Weld County has learned that data indicating if it is one of 16 counties in Colorado that will be required to provide election materials in Spanish will not be available in time for the 2011 elections.
Weld County Clerk and Recorder, Steve Moreno, said, at a meeting with the Secretary of State’s office last week, he was told the census bureau would not have the data available until late September or early October. The 2011 ballots are currently in the process of being prepared for printing.
Under the 1973 Voting rights Act, areas with large Latino, Asian, American Indian and Alaskan populations must provide election materials in those languages if more than 5 percent of voting-age residents are part of a single-language minority language group, provided that group also has depressed literacy rates.
Andrew Cole, a spokesman for Colorado Secretary of State, Scott Gessler’s, office explained how the census data arrives at their determination. “The Census Bureau takes data from the American Community Survey in their calculations. They compare the number of citizens, who are voting age, who indicate that they speak one of the covered languages (in this case Spanish), and also indicate they speak English less than very well. They compare this number against the total voting age population of the county in order to determine if the county meets the 5 percent number.”
The American Community Survey was a controversial portion of the census that asked questions some considered an invasion of privacy. The ACS asked questions such as, “Do you have a flush toilet, how many vehicles do you have; and how many people ride in your car to work”?
The survey also asks for detailed information about finances, such as how utilities are paid for, and information about employment. Not every household received the ACS, but the census bureau said those receiving them were required to fill out all of the detailed information or face a $5,000 fine.
If a county falls under DOJ requirements to print information in one of the covered languages it must do much more than simply print all materials in that particular language.
In a brochure for election officials, the DOJ says affected counties must also print all materials in the various dialects that may be spoken among members of the minority community. “There can be significant differences in dialect within a given language group, and it is the responsibility of local officials to provide a translation that local voters actually can use.”
If Weld County falls under the requirement to print ballots in Spanish, it is also expected to actively reach out to members of the Spanish community. “The cornerstone of every successful program is a vigorous outreach program to identify the needs and communication channels of the minority community.”
The brochure went on to say, “By talking to a broad range of people in the minority community – educators, business groups, labor groups, ESL programs, parent-teacher organizations, senior citizen groups, church groups, social and fraternal organizations, veterans groups, and the like – election officials will be able to identify the most effective and most efficient program possible: where to post notices, what media to use, where to have bilingual poll officials.”
Moreno showed the Gazette a sample copy of the 2008 ballot printed in both languages. The ballot was over three pages long and filled out on both sides. When asked about the cost of compliance, Moreno said a conservative estimate would be an additional $100,000 per election.
Moreno, who is Latino, said he has responded to concerns by organizations such as the Colorado Progressive Coalition, which has been pressuring the county to provide bi-lingual materials regardless of the federal mandates.
“We’ve put people in place to help assist those who do not read or speak English.
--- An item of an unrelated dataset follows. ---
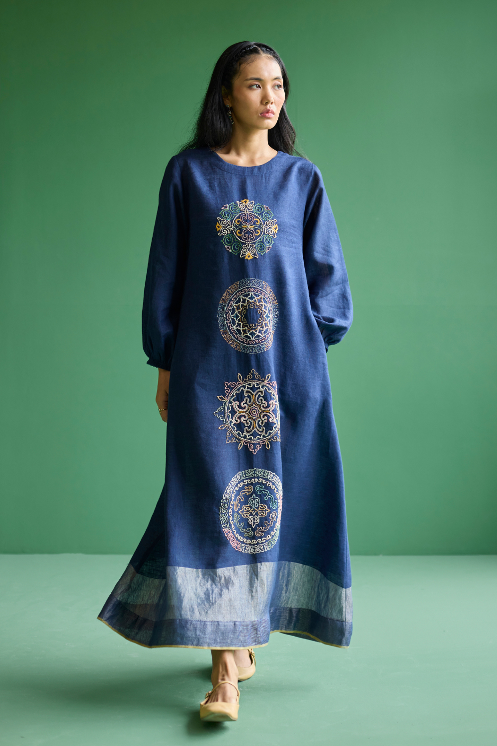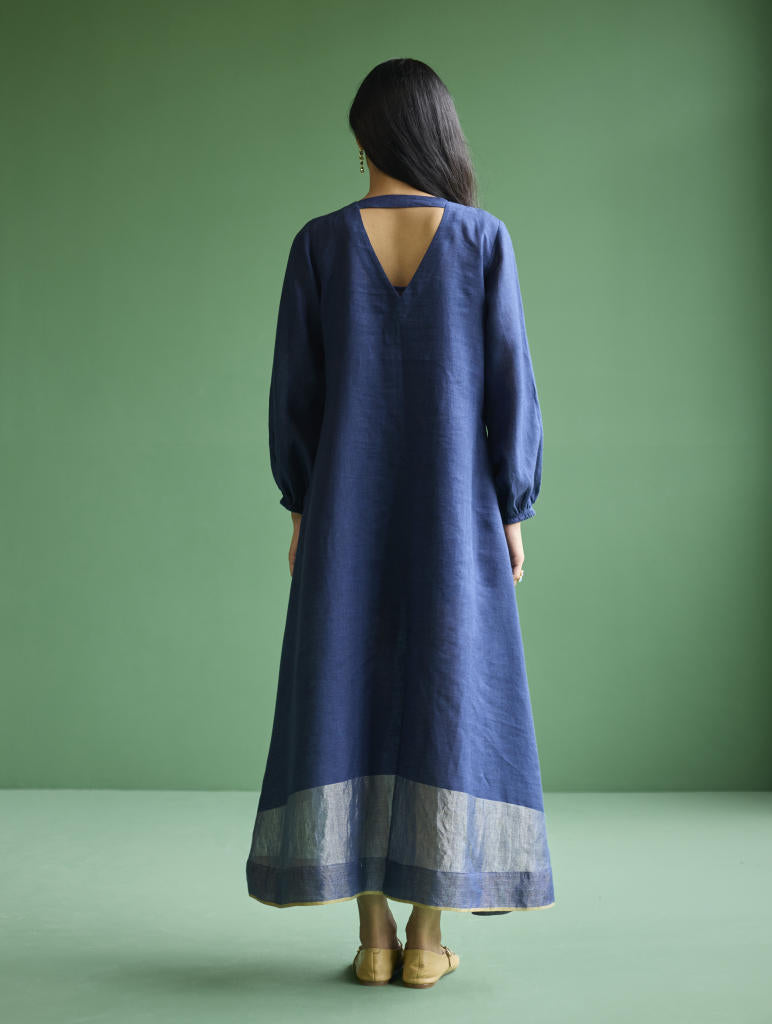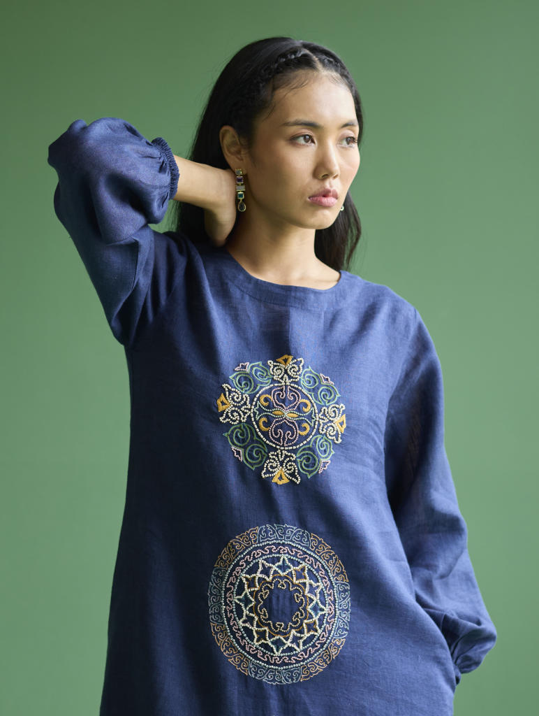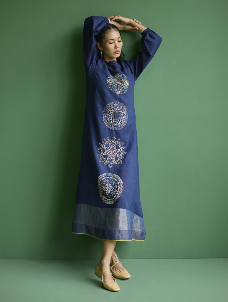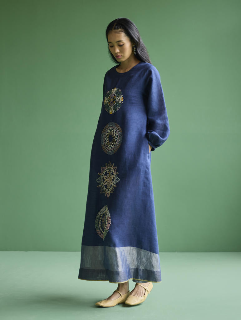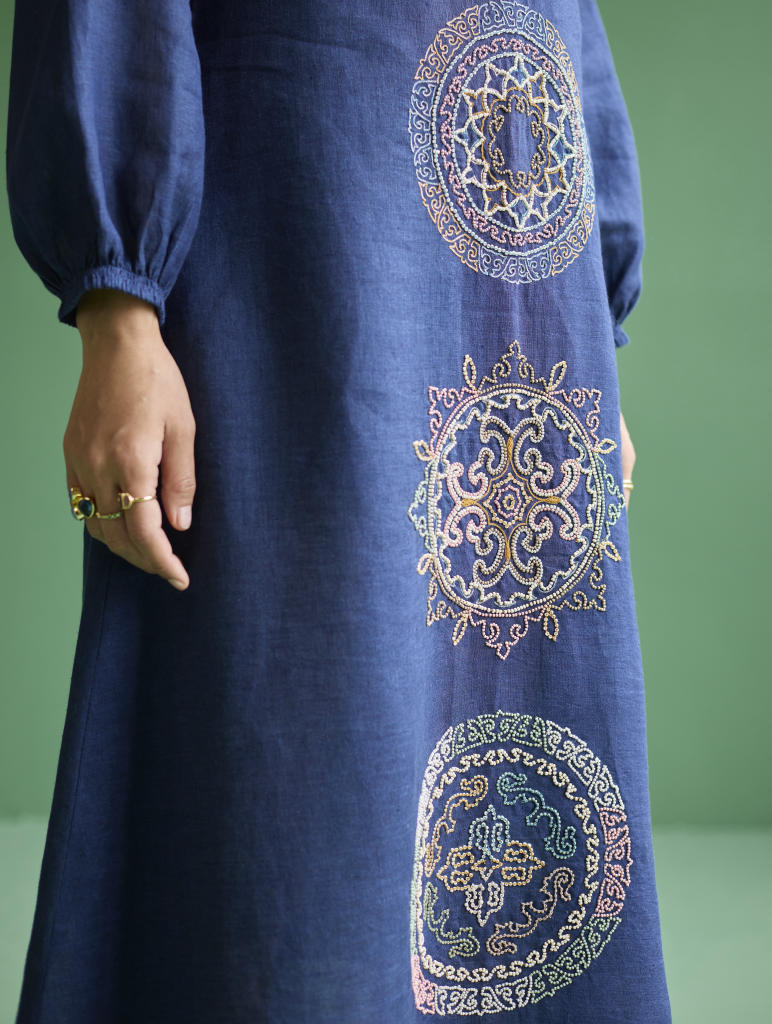 Our favorite Eira dress has intricate hand-embroidered textured suzani motifs in multicolor threads and beads. The boat-neck dress is designed in our signature handloom linen with a metallic solid woven border, ochre-coloured selvedge, woven stripes along the hemline, full sleeves and pockets.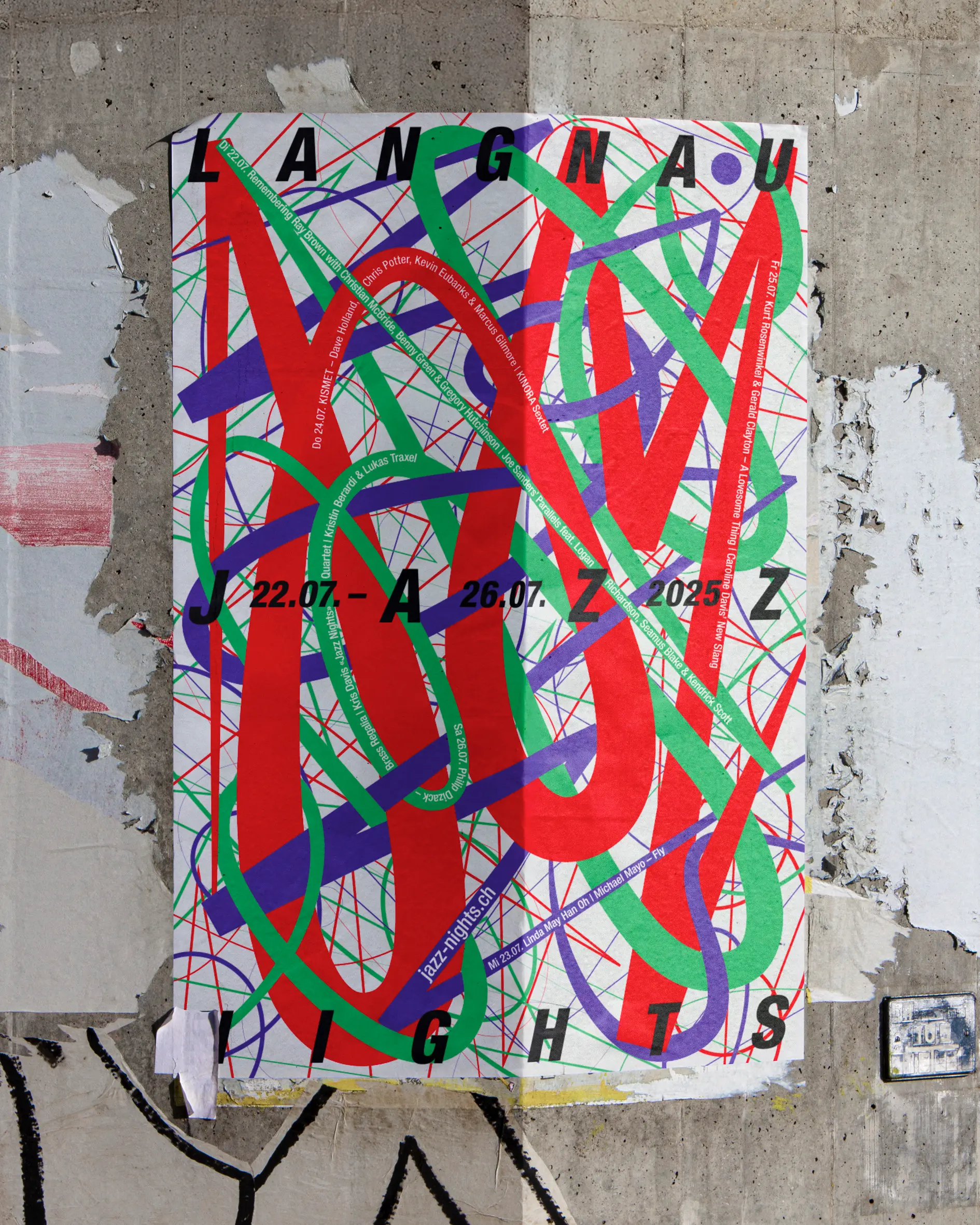 Every year, Langnau Jazz Nights transforms the Emmental region into a vibrant centre of international jazz culture. This lively atmosphere is reflected in the heart of the visual identity: the main visual shows the three intertwined words – Langnau, Jazz and Nights – as a playful, multi-layered network. In the background, different lines of varying thickness symbolise the space in which the music unfolds. The main visual stands for improvisation, rhythm and versatility of jazz and forms the basis for the entire visual identity of the festival. The design conveys complexity and excitement without losing the joy of playing and liveliness. The visual identity thus reflects the creative energy and character of the Jazz Nights on all levels.

There is not a huge outcry for Spanish ballots among the Hispanic and Latino community.”
Moreno said another concern with printing a ballot in both languages, is that some individuals voting by mail may not send the entire ballot in. “This could cause some to question the integrity of our counting. For example, if there are a greater number of votes for candidates than for initiatives it could suspicions we are not counting the votes correctly.”
Some have suggested a compromise solution would be to have a person indicate which ballot language they prefer when they register to vote. This would help the county save money by helping to identify how many registered voters actually want Spanish ballots. Moreno said the suggestion would probably not pass muster with the DOJ as people may feel pressured to select English when they register to vote.
Moreno said it is always a challenge to determine the number of ballots to print. “Deciding how many ballots to print up is always a mystery. I have talked to former legislators and county clerks and there is no magic formula.”
Moreno said, since he has been clerk and recorder, the county has taken steps to become more efficient in printing ballots to avoid a large surplus after an election. Weld County has a machine called “ballot on demand” which allows them to print extra ballots on election day if needed.
The county has been using the machine for the past few elections and Moreno said the county has saved money by having the machine available.
Moreno says he believes the ACLU is watching Colorado carefully to see what the federal government will decide regarding election materials.
The ACLU has gone on record as opposing any type of voter identification to be eligible to vote. In an e-mail sent to supporters, Laura Murphy, director of the ACLU legislative office, said, “The ACLU is opposed to any form of voter ID.”
Critics have said not requiring any type of identification to register to vote or cast a ballot creates a situation ripe for election fraud.